When Ludy turned six her mother admitted her to Special Blind School in Durtlang, Aizawl as a hosteler. Ngova was determined to provide Ludy a good education and paid no heed to the gossipmongers who whispered, oh, she has found a way to get rid of her blind daughter. In the beginning Ludy was mercilessly ragged because she spoke Mara and everyone else spoke Mizo. She took it as a challenge and became fluent in Mizo after which she was accepted in the group. “My principal and my ‘ma’am’ were like a second father and mother to me,” she says.
 
In 2008 the family moved to Siaha district (called Maraland because Mara is spoken there) and started a small business – a shop selling clothes and local attire. Meanwhile Ludy was flourishing in school, getting distinction in every subject and writing stories in Braille. But when she hit the ‘terrible teens’ she went into such a depression that she left school in Class 8 and stayed at home for a year. “Why did God make me this way?” she asked the heavens. Then she decided to come to terms with her condition. “I strongly believe that acceptance is one of the key solutions in life,” she writes. “Just accept reality and turn obstacles into challenges.” In fact she told us she used to even crack jokes about her blindness, which her family didn’t appreciate all that much!
 
Ludy returned to Class 9 and started getting involved in Blind Sports, doing long jump and javelin throw at a meet in Amritsar, and later winning medals in the 100-metre and 200-metre races.
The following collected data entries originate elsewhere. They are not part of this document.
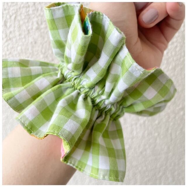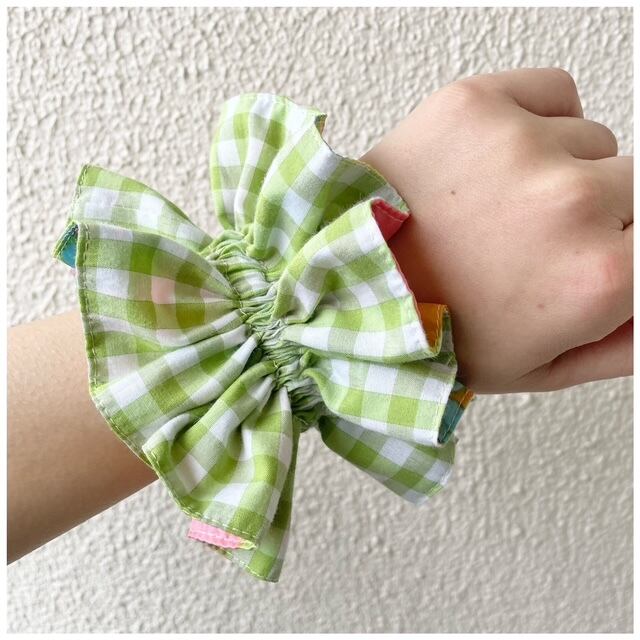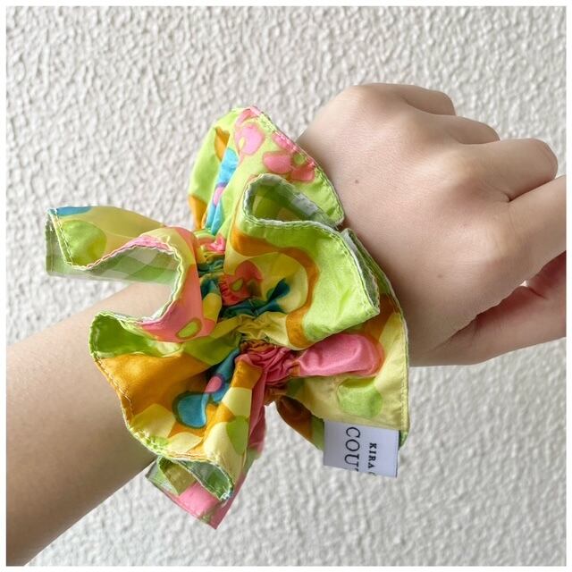キラクローゼットオリジナルのヴィンテージファブリックシュシュ。フレンチヴィンテージファブリックを贅沢に使用しましたハンドメイドの1点ものです。手首に着けると着けカフスみたいになる程よいボリューム感がグッド。異なった印象を楽しめるリバーシブルのカラーコントラストもこだわりポイントです♡
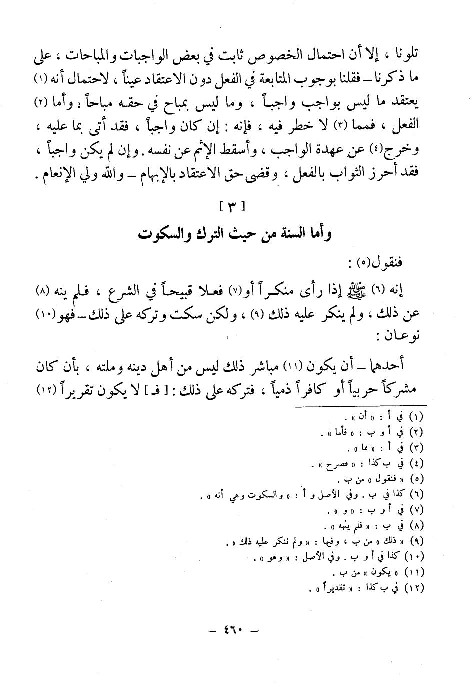 وأما السنة من حيث الترك والسكوت
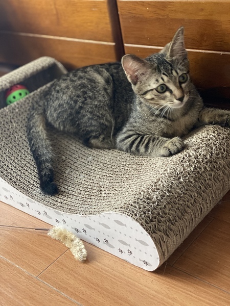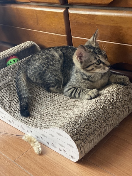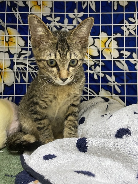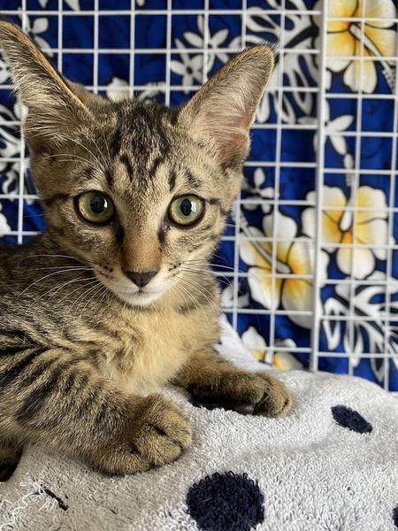 | 特徴(性格など) | エジプト顔のスポテッド柄の綺麗なしっぽの長い男の子の猫ちゃんです。 生後約4〜5ヶ月くらいだと思います。 耳も大きくシュッとしたお顔立ち。 保護猫のため、まだ人間に甘えることはないですが、うちにいる猫をみると甘えて一緒に遊ぼうとします。 まだ、少し人間の環境に慣れてないので、臆病な面もあります。 トイレも上手にできます。ご飯もしっかり食べます。 |
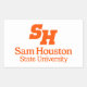 This dynamic design proudly showcases the official combination logo of Sam Houston State University. It features the bold, slanted "SH" wordmark at the top, presented in a powerful typeface. Below this emblem, the full name "Sam Houston State University" is elegantly displayed in a complementary font, creating a clear and comprehensive representation of the institution. This impactful and recognizable design embodies the spirit, pride, and identity of Sam Houston State University, serving as a powerful identifier for students, alumni, and supporters.
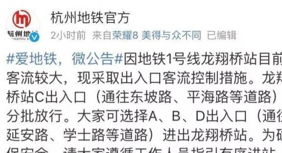 果不其然,下午13:51,地铁1号线龙翔桥站因客流较大,采取出入口客流控制措施。龙翔桥站C出入口(通往东坡路、平海路等道路)分批放行。大家可选择A、B、D出入口(通往延安路、学士路等道路)进出龙翔桥站。
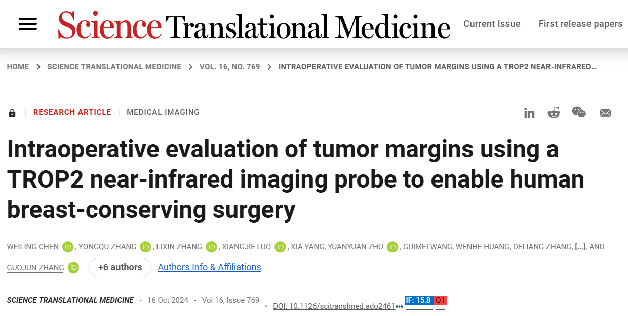 近日,18luck备用登录第三附属医院张国君教授作为唯一通讯作者在Science子刊《Science Translational Medicine》(影响因子15.8分)发表了题为Intraoperative evaluation of tumor margins using a TROP2 near infrared imaging probe to enable human breast-conserving surgery的研究论文。张国君教授团队的博士研究生陈伟玲、硕士研究生张莉欣、汕头大学医学院附属肿瘤医院张永渠教授为论文的共同第一作者。该研究成果标志着学校在组织实施科技工作高质量内涵式发展方面取得了重要进展。
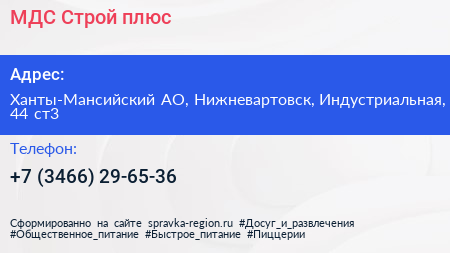 МДС-Строй плюс по адресу Ханты-Мансийский АО, Нижневартовск, Индустриальная, 44 ст3 в дальнейшем Организация, размещена в следующих категориях:
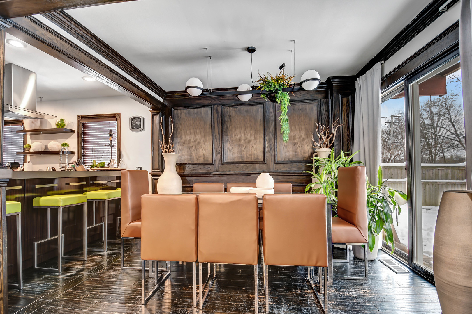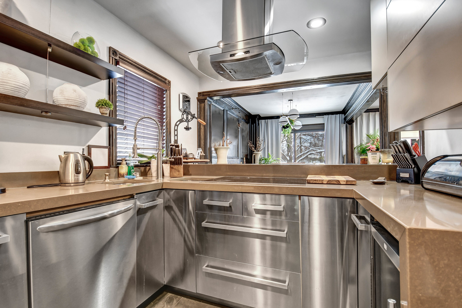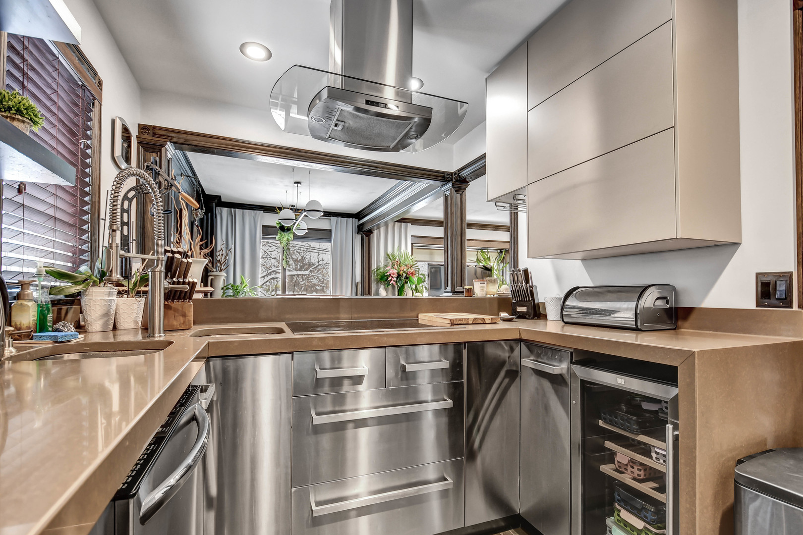 Step into a beautifully re-envisioned Hinsdale residence where every detail has been artfully redesigned. This first-floor condo with a finished basement and private garage offers effortless living defined by the perfect fusion of timeless craftsmanship and fresh contemporary style. The refined living room sets the tone with rich, hand-finished woodwork that brings depth and character, enhanced by clean recessed lighting for a modern touch. The dining room continues the look, showcasing dramatic paneling and expansive sliding glass doors that open to a private patio overlooking a wide green space ideal for outdoor entertaining. Seamless flow into the kitchen and bar seating makes the space equally suited for gatherings or everyday comfort. The striking kitchen marries bold aesthetics with practical function, featuring glossy wood-grain multi-toned cabinetry, stainless steel appliances wrapped in custom stainless steel base cabinets and drawers, floating shelves, and an efficient layout. Two bedrooms and two beautifully appointed bathrooms complete the main level. The primary bathroom offers boutique-hotel luxury with a crocodile leather-textured vanity, modern vessel sink, oversized mirror, and glass-enclosed shower. The second bathroom continues the elevated feel with espresso-toned marbled tile, stacked-stone accents, a glass-enclosed walk-in shower, and a warm wood-grain vanity topped with a sleek vessel sink. A finished basement provides valuable additional living space or storage, adding to the home’s versatility. Close to top-rated schools, shopping, restaurants, and transportation, this exceptional residence blends modern sophistication with classic warmth. Schedule your visit to experience this one-of-a-kind home before this rare find is gone!
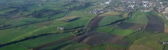 The fortlet (55°55′53″N 4°11′03″W / 55.9314°N 4.1842°W) can sometimes be seen in photographs taken from aircraft which have been taken at various times since 1955.[7] Nothing identifiably Roman can be seen at the site anymore.[8] There have been no excavations to date. Aerial photography has however highlighted an area of around 20 m square, which could have been secured with the help of the turf rampart with its ditch. It has been speculated that a bridge, across the ditch, may have granted admission to the frontier. The site of the fortlet is just east of the bridge over the Forth and Clyde Canal which carries the A803. Kirkintilloch is east of the site with Low Moss to the south.[9] There is a temporary Roman camp at Easter Cadder about one-half mile (one kilometre) away. This is on a raised piece of ground approximately mid-way between the Glasgow Bridge fortlet and the main Roman fort at Kirkintilloch.[10] If walking west, the line of the Wall changes course after the site of Glasgow Bridge Fortlet.[11]
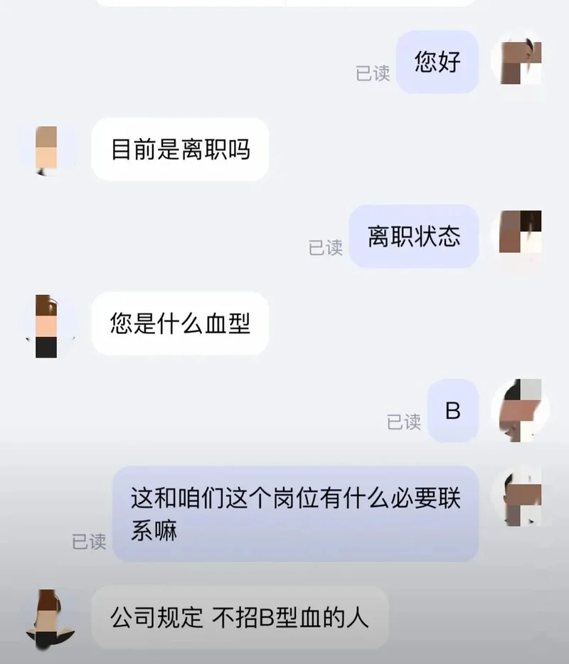 根据一些老板定下的规矩,如果你是B型血的人,无论多么优秀,都无法走进公司的大门。
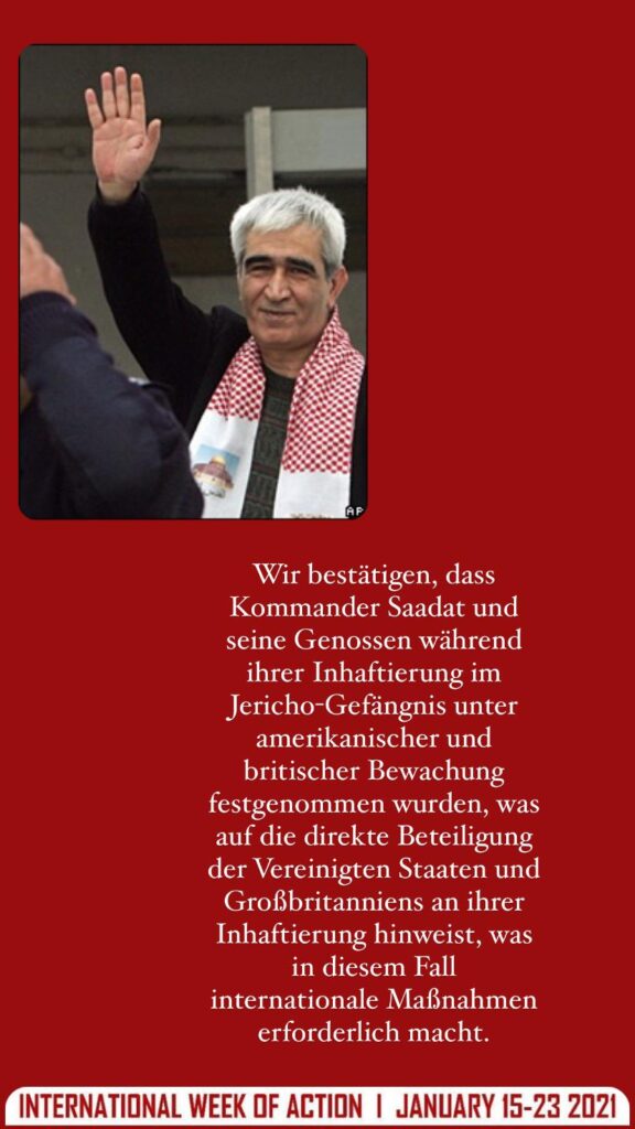 Wir bestätigen, dass Kommander Saadat und seine Genossen während ihrer Inhaftierung im Jericho-Gefängnis unter amerikanischer und britischer Bewachung festgenommen wurden, was auf die direkte Beteiligung der Vereinigten Staaten und Großbritanniens an ihrer Inhaftierung hinweist, was in diesem Fall internationale Maßnahmen erforderlich macht.
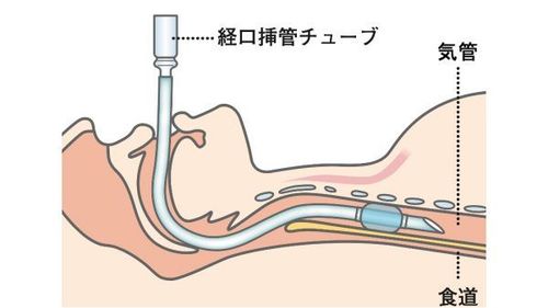 人工呼吸器とは、その名が示す通り、患者自身の呼吸だけでは生命の維持ができない状態になった時に、人工的に呼吸を補助する機械です。マスクで行う比較的軽い人工呼吸もありますが、ほとんどの場合は気管チューブを口から気管の中に挿入します(=気管挿管)。また、治療が長期に及ぶ場合は、喉を切開して、そこから気管にチューブを入れることもあります。こうして、機械によって人工的に息の出し入れを行うわけです。
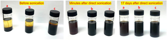 Mixed samples used in this work (pyro-oil/motor oil—wt./wt.%): (a) 10/90, (b) 30/70, and (c) 50/50, showing the effect of sonication and settling for seventeen days.

She completed Class 10 in 2014 and Class 12 from the mainstream Durtlang Higher Secondary School. In December 2016 she competed in a sports meet in New Delhi conducted by the Indian Blind Sports Association. Government Hrangbana College was her alma mater; she wrote an article for the college magazine and in 2019 she received a B.A. Honours degree. In June 2022 she completed her B.Ed (with a specialisation in visual impairment) from the State Centre for Educational Research and Training.
 
Ludy loves to sing and can play the guitar and keyboards; she won third position in a singing competition. She likes to wear stylish clothes that fit her well; she chooses the fabrics, asks her friends about the colours, and designs the garments herself. Fashionable Ludy was second runner-up in Princess India Mizoram 2022, an online beauty pageant for the visually impaired.
 
Since she is quite capable of living independently (“I love cooking and I am trying to go vegan”) she is preparing to go to Washington Adventist University in the US for a Masters in Psychology and Counselling. Her goal is to teach visually impaired children. Over the years the family’s financial conditions have improved: Rosemary and Albert are married and well-off, Roselyn is working in Dubai and David has done his M.A. Economics from ICFAI University in Aizawl with the intention of going into banking.
 
Ludy adores her beautiful black tomcat Tintin. “He follows me,” she tells us. “He ‘talks’ to me, keeps making little sounds to tell me, hey, I am here, following you! His companionship is one of the precious things in my life.”